Saved data entries
========================
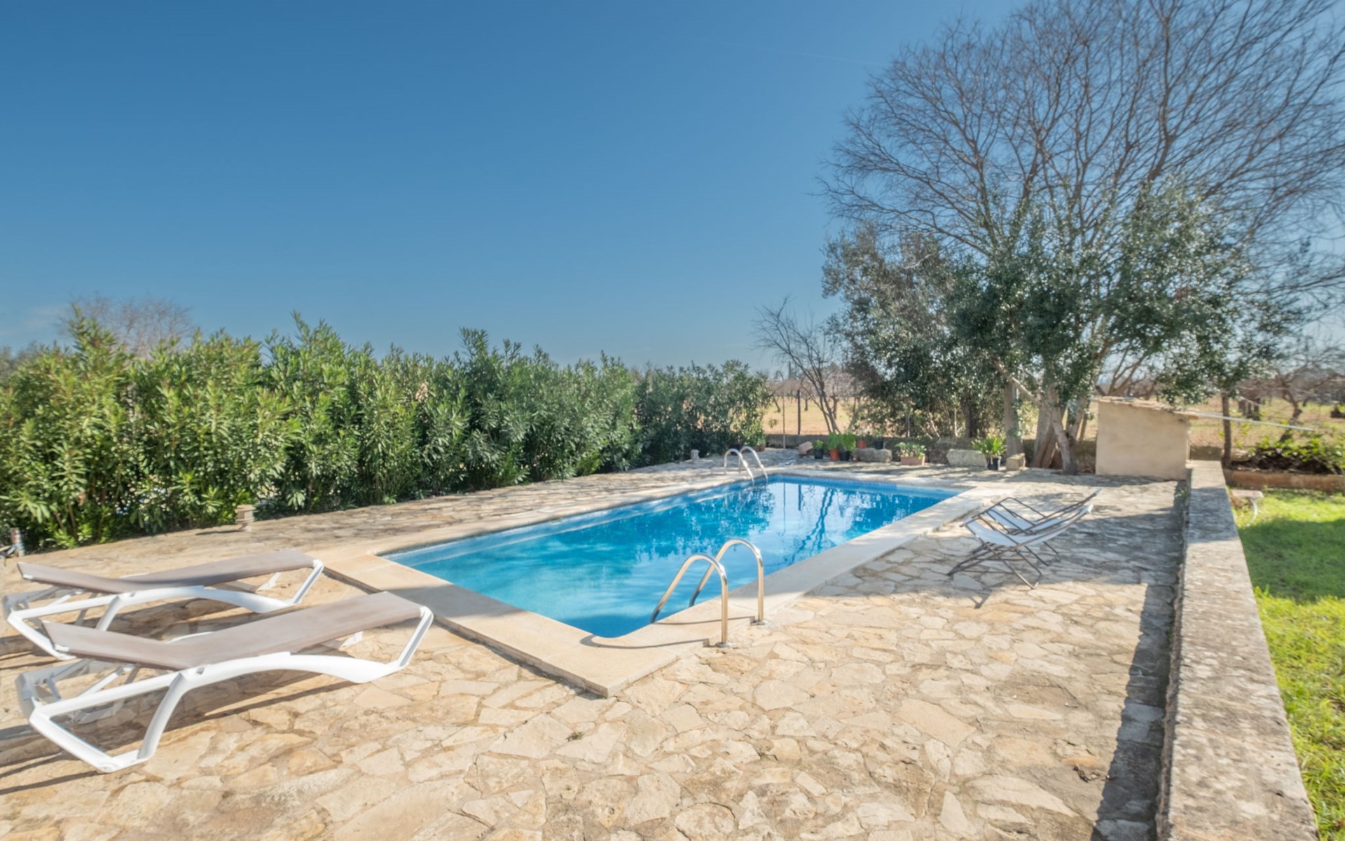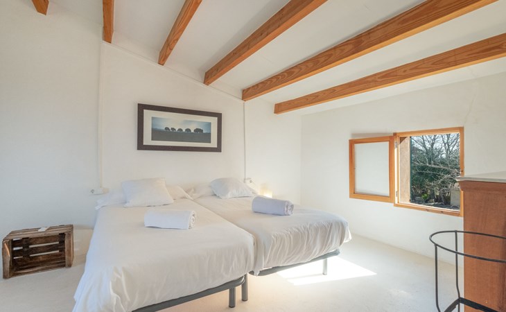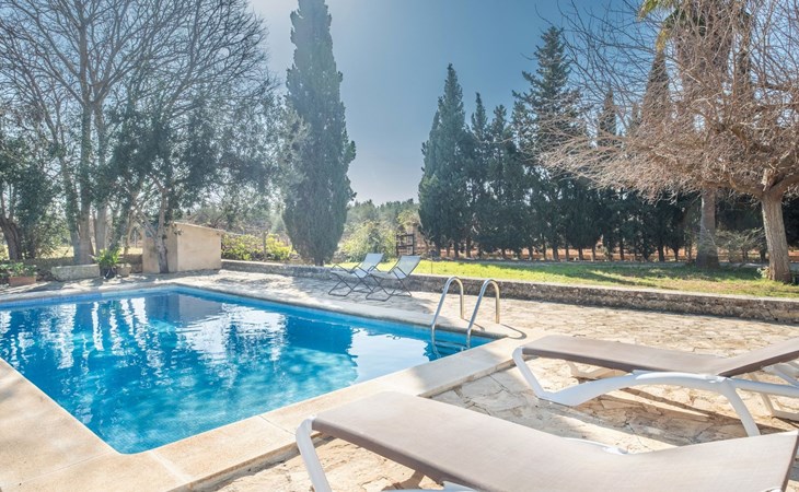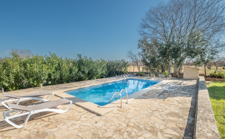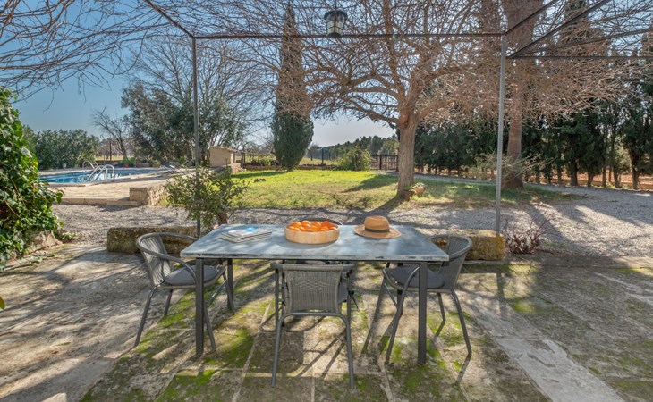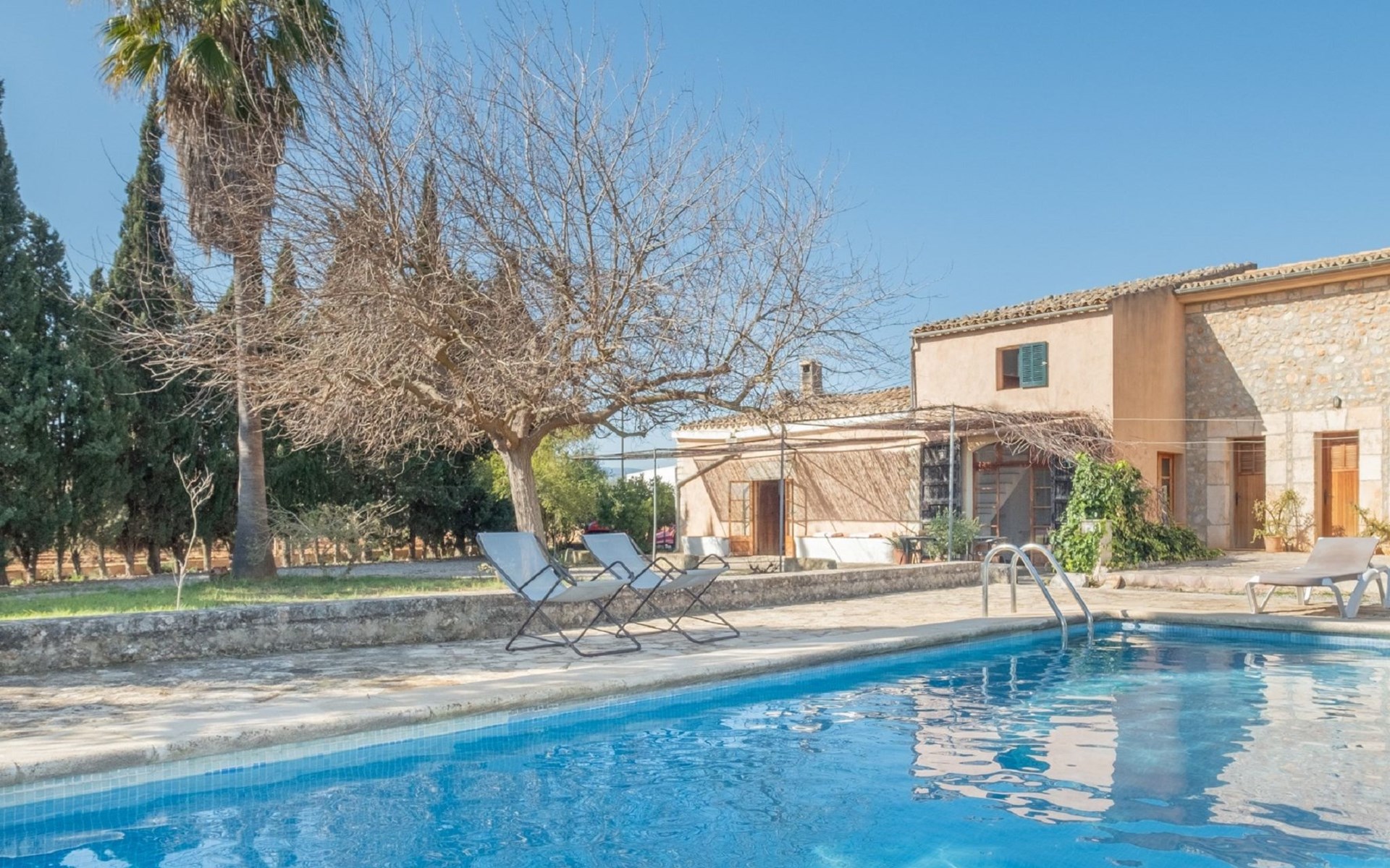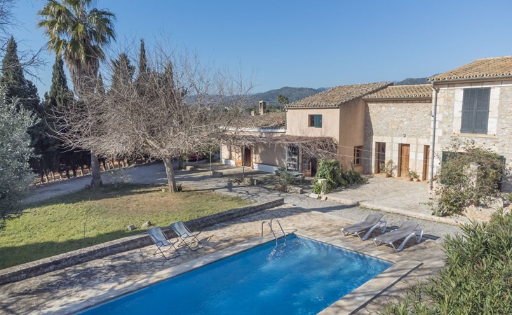Rustic, historical farmhouse "Sa Caseta", 2 storeys, semi-detached, built in 1820, surrounded by fields and vineyards. Property composed of main house and outbuilding, outside the resort, 2 km from the centre of Binissalem, in a quiet, sunny position, 5 km from the edge of the forest, 36 km from the sea, in the countryside. Private: natural state property (fenced), garden with wildlife garden and trees, swimming pool angular (8 x 4 m, depth 120 - 250 cm, seasonal availability: 01.Jan. - 31.Dec.). Outdoor shower, pool maintenance by the owner/gardener. In the house: central heating system. Supermarket 1.7 km, restaurant 2 km, bar 1.8 km, bakery 2.3 km, 35 minute walk to the centre, bus stop "Binissalem" 2 km, railway station "Binissalem Estació (213)" 2.4 km, ferry "Port d'Alcúdia" 32 km, sandy beach "Playa de Alcúdia" 29 km. Golf course (18 hole) 26 km, cycle lane 200 m. Nearby attractions: Bodegas Tianna Negre 450 m, Bodegas Jose Luís Ferrer 2.7 km, Santuari de Lluc 23.5 km, Pueblos:Inca,Lloseta,Consell, Sta. Maria, Palma 30 km, Mallorca Fashion Outlet & Cinemas 17 km. Hiking paths: Tossals Verds, Castell d'Alaró, Serra de Tramuntana. Please note: car recommended. The owner does not accept any youth groups. Part of the house is closed and unoccupied. Airfield 32 km from the property. Events and parties are not allowed.
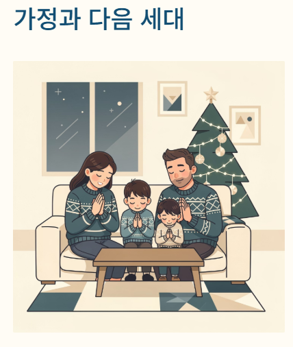 - 부모의 사명을 위한 기도: "부모가 먼저 주님의 사랑을 실천하여 가정 안에서 신앙의 유산이 흐르게 하옵소서."
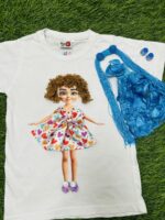 Step into a world of sparkle and style with the Twisty & Flowy Hair Magic Combo! This adorable T-shirt features a cute doll print that your little one can style with interchangeable accessories. The combo includes two doll dress-up sets — one with twisty curls and a glitter short dress, and the other with flowy long hair and a shimmering gown. Each comes with matching shoes for the perfect fairy-tale finish.
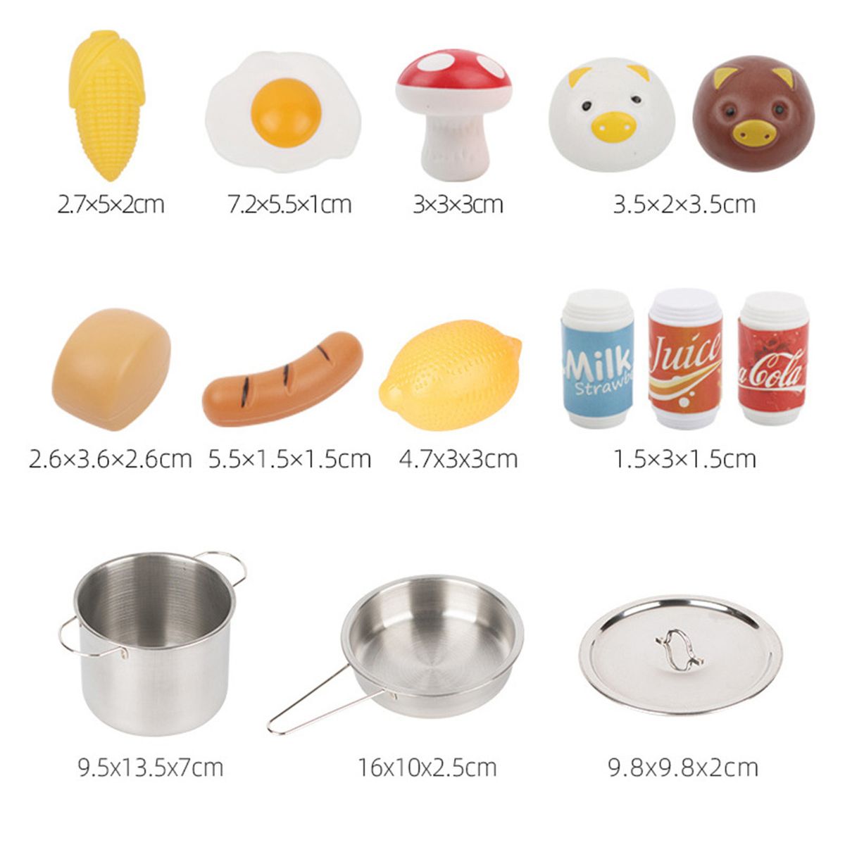 2. High-quality materials: All fake toy sets are made of safe and thick materials. The pan and pot are made of 100% stainless steel, which is very durable and wear-resisting. The forks and spoons with hand-polished handles will not hurt children. Colorful and healthy vegetable toys are easy to clean and durable. Let the children have the opportunity to have a long hours of fun.
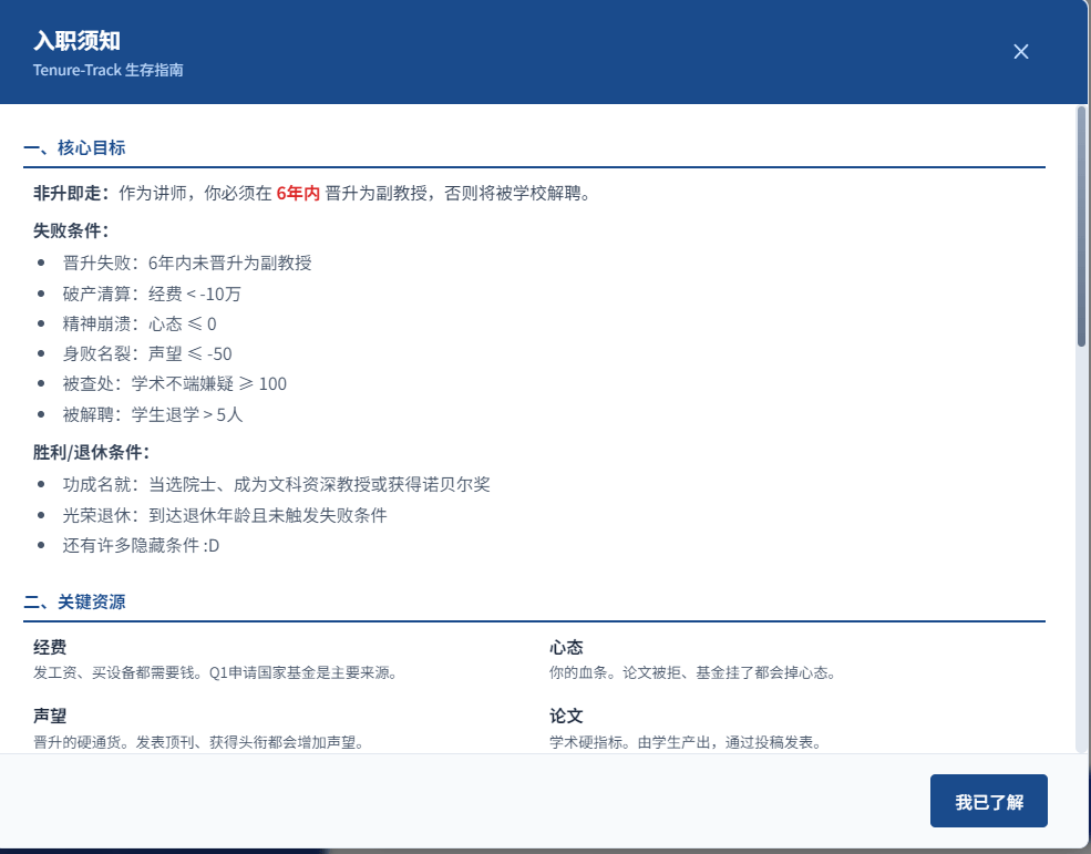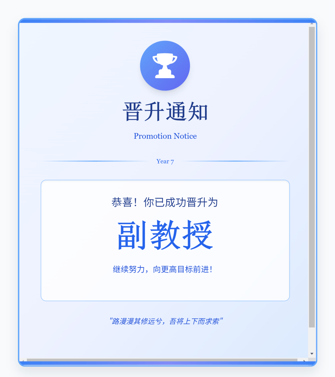 从构思到搭建完网页,两人只花了两周。初版其实很粗糙:没有严格的数值约束,科研经费多得花不完,连论文压力都没有。即便如此,游戏也让首批20位测试者玩得上头。他们的师姐刘亚慧就是其中之一,从晚上6点多玩到凌晨1点半,一路从“讲师”升到“院士”,直呼“成就感拉满”。后来师姐更是义务加入他们,帮忙运营起社交媒体平台。
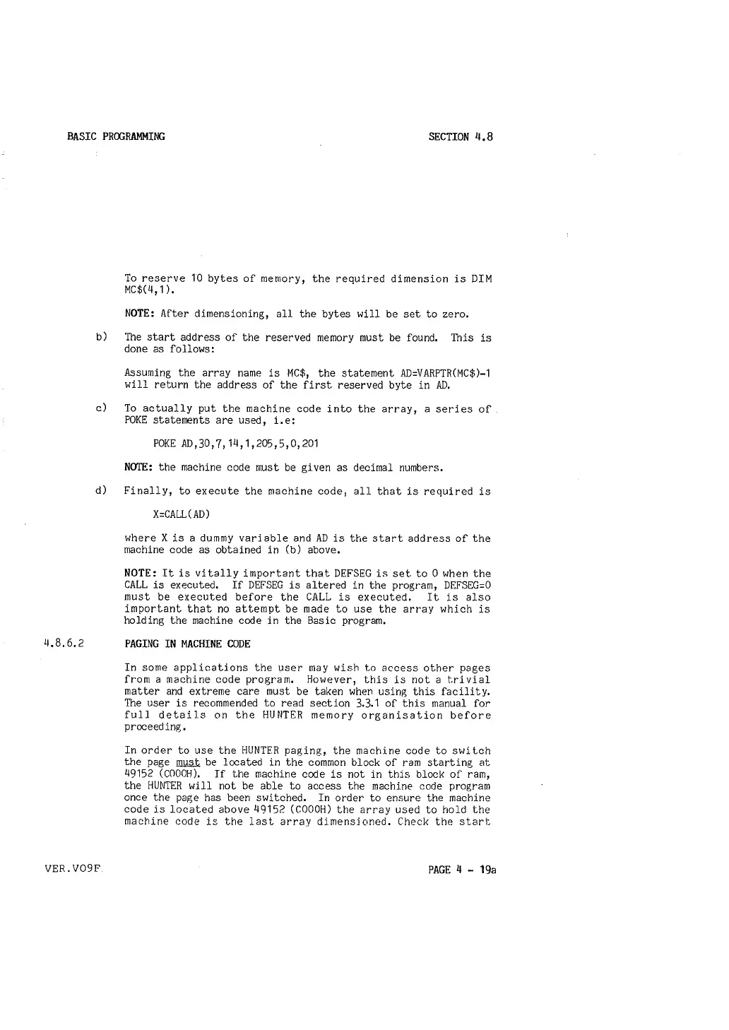 In order to use the HUNTER paging, the machine code to switch
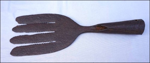French hand forged wrought iron eel fork fishing tool made early 18th century. 17" (43cm) length, 10" (15.2cm) width, weight 2lb 9.51oz (1.177 kilogram). Beautiful condition and patina as shown by the following pictures.
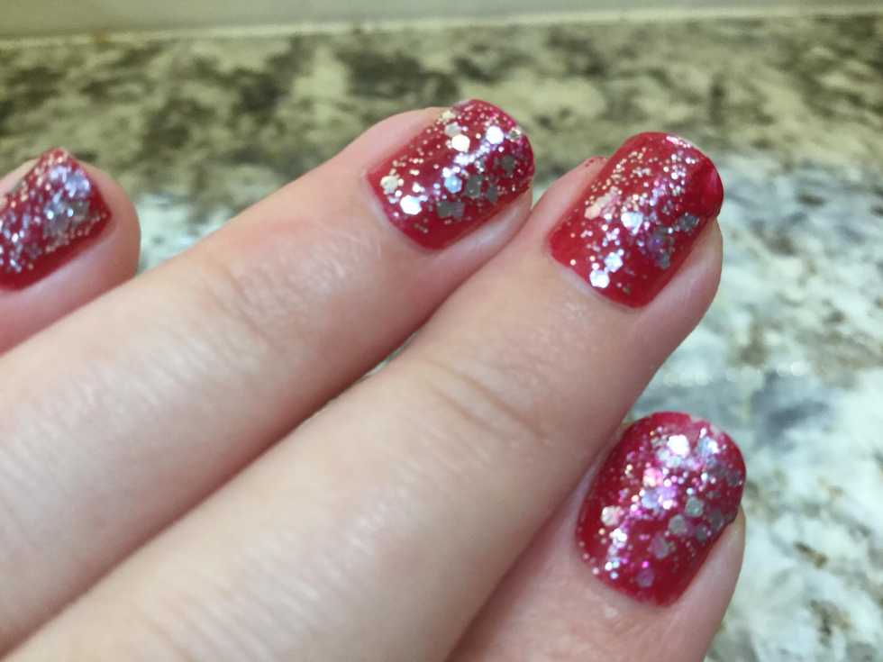 When the nail polish dries, start putting the sliver glitter nail polish on.๐
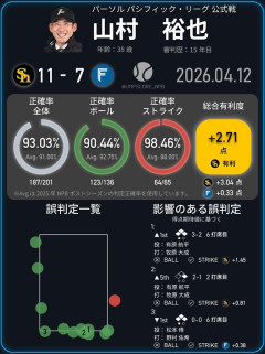 1: 名無し 2026/04/13(月) 15:56:41.157 ID:OBoHRG08f NPB Umpire Score@umpscore_npbパーソル パシフィック・リーグ 公式戦球審:山村裕也結果:福岡ソフトバンク 11-7 北海道日本ハム#sbhawks // #lovefightersCheck ALT for the ENGLISH version.(Format based on Umpire Scorecards. Not Official.) 3: 名無し 2026/04/13(月) 15:58:08.867 ID:HIk0K95kR 有能…
========================
• **PROBLEM STATEMENT**
Transcribe, word for word, the stretch of lines in the data above from the one with "French hand forged" through the one with "When the nail"; omit all pictures.

• **SOLUTION TO THE PROBLEM**
French hand forged wrought iron eel fork fishing tool made early 18th century. 17" (43cm) length, 10" (15.2cm) width, weight 2lb 9.51oz (1.177 kilogram). Beautiful condition and patina as shown by the following pictures.
 When the nail polish dries, start putting the sliver glitter nail polish on.๐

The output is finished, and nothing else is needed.